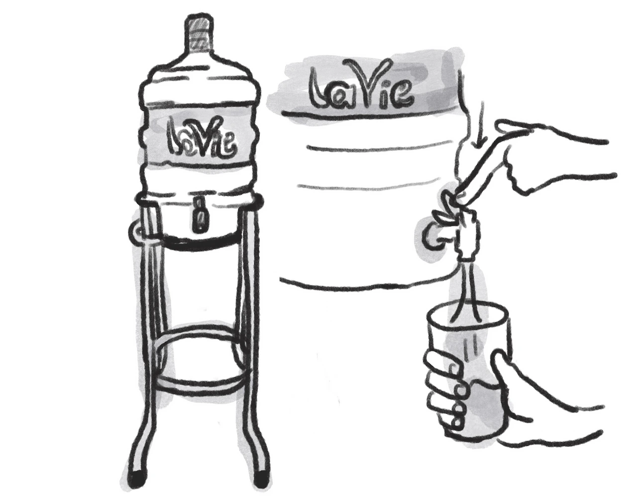 생수는 사 먹는데, 한국에서는 주로 정수기 위에 꽂혀있는 그 20리터짜리 생수통을 베트남에선 가정에 두고 생수로 사용하는 게 일반적이다. 브랜드는 라비에 (Lavie) 혹은 아쿠아피나 (Aquafina)를 마셨으며, 물 가게에 전화로 주문하면 배달받을 수 있었다.
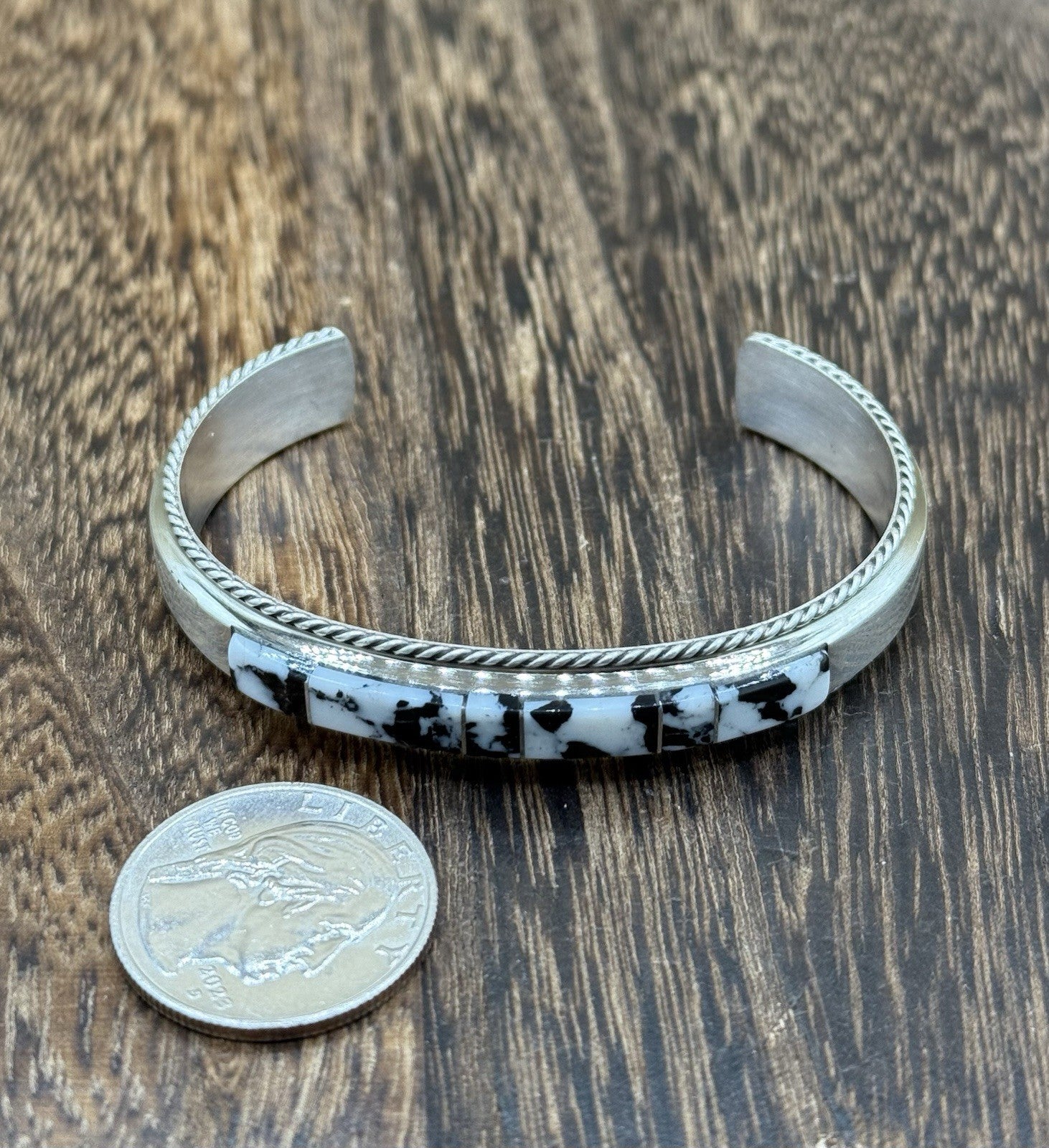 Navajo Handmade Sterling Silver White Buffalo Inlay Cuff Bracelet Francis Yazzie
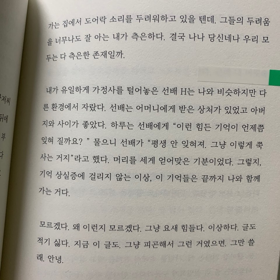 매일 일기 쓰는 것은 어렵다. 생각해 보면 난 일기를 쓰고 싶을 때만 썼다. 가끔 그 일기를 모아서 읽어보는데, 좋은 얘기보다는 주로 안타까운 이야기가 많았다. 주된 이야기는 이렇다. 다른 사람 앞에서 솔직해지지 못했던 순간, 서운했거나 상처 받았던 일. 글을 쓰면서 솔직한 나를 만날 수 있어서 일기를 썼던 것 같다. 작가 역시 10년의 기억을 책 한 권으로 털어내기 어려웠겠지만, 마음은 조금 가벼워졌다고 했다. 벗어나고 싶은 기억이더라도 꾸준히 기록하고, 생각했기 때문에 영화나 다른 형태로 표현할 수 있었고. 어떻게 받아들이느냐의 차이인 것 같다. 작가는 어둠 속에 갇혀있지 않았다. 스스로의 감정을 감추지 않고, 일기로나마 솔직했다. 그렇기에 자신뿐만 아니라 작가와 비슷한 상황에 놓인 사람들을 위로할 수 있지 않았나 싶다.
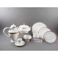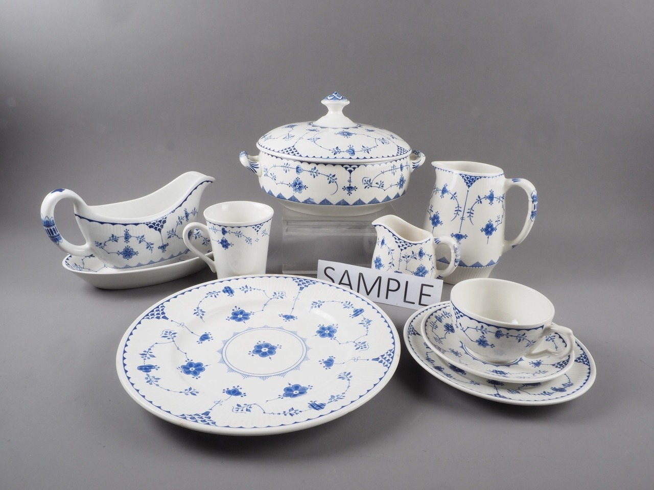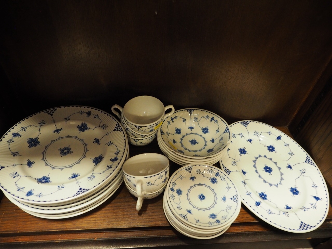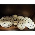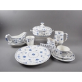 A white and blue glazed combination service comprising of Furnivals Denmark, Franciscan Denmark and Masons Denmark (some damages)
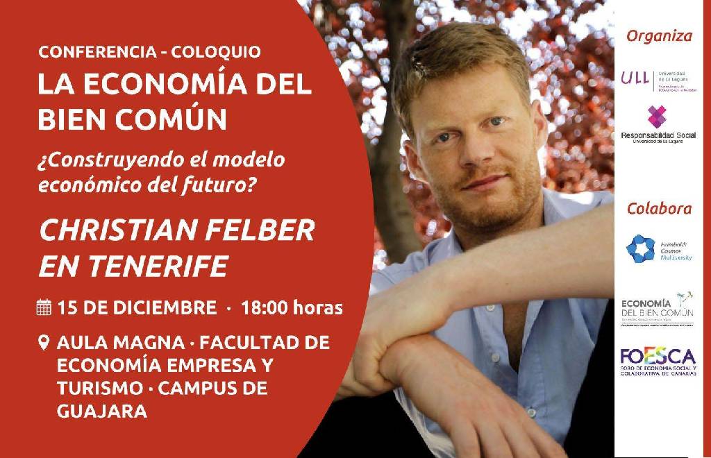 Christian Felber, promotor de la Economía del Bien Común, un concepto extendido ya en 40 países, impartirá una conferencia el próximo martes 15 de diciembre en la Universidad de La Laguna, en el Aula Magna de la Facultad de Economía, Empresa y Turismo a las 18 horas, tras la que tendrá lugar un coloquio moderado por la periodista María Fresno en el que intervendrán, profesionales de la comunicación, profesores universitarios y el público asistente. En la web www.ull.es/rsocial está disponible el enlace al formulario de inscripción.
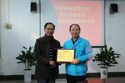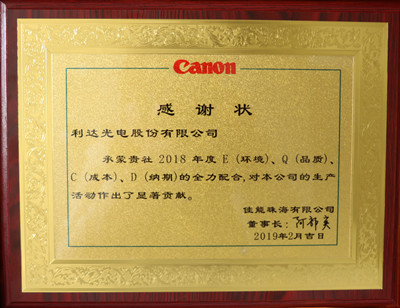 利達(dá)光電榮獲佳能珠海有限公司2018年度優(yōu)秀供應(yīng)商
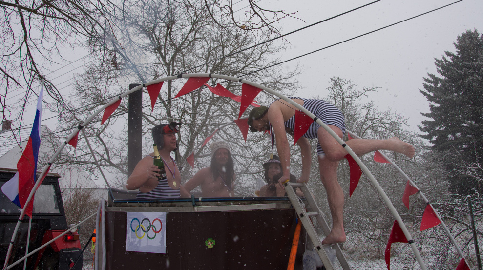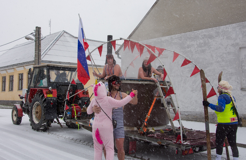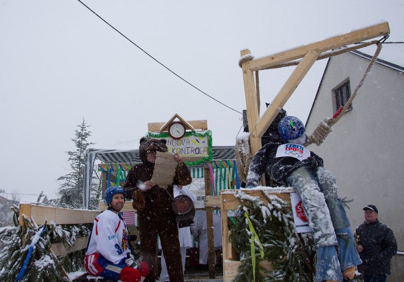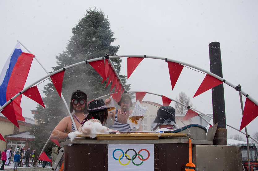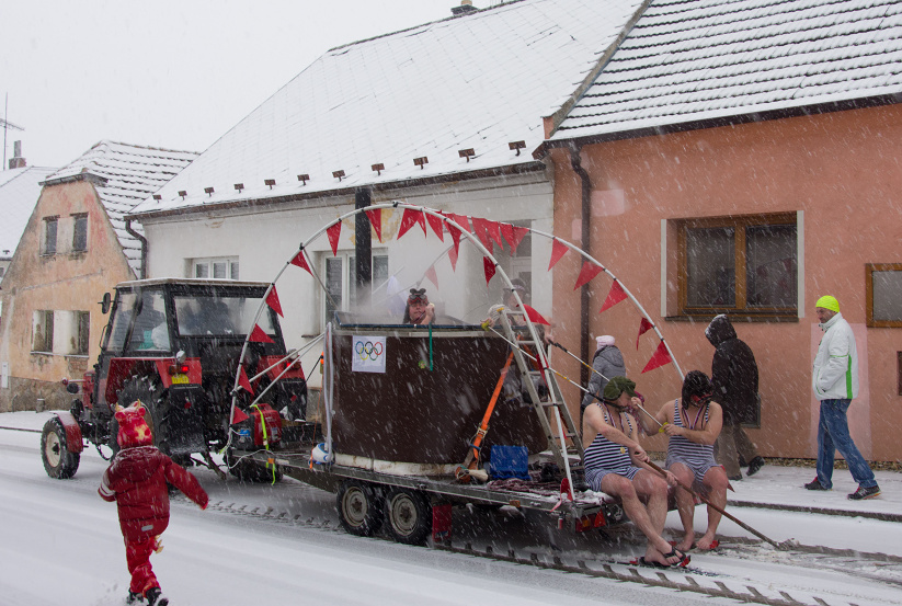 Tématem letošního masopustu byly zimní olympijské hry, které v tuto dobu probíhají v Jížní Korei. To znamená, že jsme zde mohli potkat taková jména jako je Jágr, Dopita, "Sádlíková" - parodie na Sáblíkovou a další.

===============

**ASSIGNMENT**
When you write out the material, reproduce each line exactly and omit any picture it holds.

**THE COMPLETED TASK**
 생수는 사 먹는데, 한국에서는 주로 정수기 위에 꽂혀있는 그 20리터짜리 생수통을 베트남에선 가정에 두고 생수로 사용하는 게 일반적이다. 브랜드는 라비에 (Lavie) 혹은 아쿠아피나 (Aquafina)를 마셨으며, 물 가게에 전화로 주문하면 배달받을 수 있었다.
 Navajo Handmade Sterling Silver White Buffalo Inlay Cuff Bracelet Francis Yazzie
 매일 일기 쓰는 것은 어렵다. 생각해 보면 난 일기를 쓰고 싶을 때만 썼다. 가끔 그 일기를 모아서 읽어보는데, 좋은 얘기보다는 주로 안타까운 이야기가 많았다. 주된 이야기는 이렇다. 다른 사람 앞에서 솔직해지지 못했던 순간, 서운했거나 상처 받았던 일. 글을 쓰면서 솔직한 나를 만날 수 있어서 일기를 썼던 것 같다. 작가 역시 10년의 기억을 책 한 권으로 털어내기 어려웠겠지만, 마음은 조금 가벼워졌다고 했다. 벗어나고 싶은 기억이더라도 꾸준히 기록하고, 생각했기 때문에 영화나 다른 형태로 표현할 수 있었고. 어떻게 받아들이느냐의 차이인 것 같다. 작가는 어둠 속에 갇혀있지 않았다. 스스로의 감정을 감추지 않고, 일기로나마 솔직했다. 그렇기에 자신뿐만 아니라 작가와 비슷한 상황에 놓인 사람들을 위로할 수 있지 않았나 싶다.
 A white and blue glazed combination service comprising of Furnivals Denmark, Franciscan Denmark and Masons Denmark (some damages)
 Christian Felber, promotor de la Economía del Bien Común, un concepto extendido ya en 40 países, impartirá una conferencia el próximo martes 15 de diciembre en la Universidad de La Laguna, en el Aula Magna de la Facultad de Economía, Empresa y Turismo a las 18 horas, tras la que tendrá lugar un coloquio moderado por la periodista María Fresno en el que intervendrán, profesionales de la comunicación, profesores universitarios y el público asistente. En la web www.ull.es/rsocial está disponible el enlace al formulario de inscripción.
 利達(dá)光電榮獲佳能珠海有限公司2018年度優(yōu)秀供應(yīng)商
 Tématem letošního masopustu byly zimní olympijské hry, které v tuto dobu probíhají v Jížní Korei. To znamená, že jsme zde mohli potkat taková jména jako je Jágr, Dopita, "Sádlíková" - parodie na Sáblíkovou a další.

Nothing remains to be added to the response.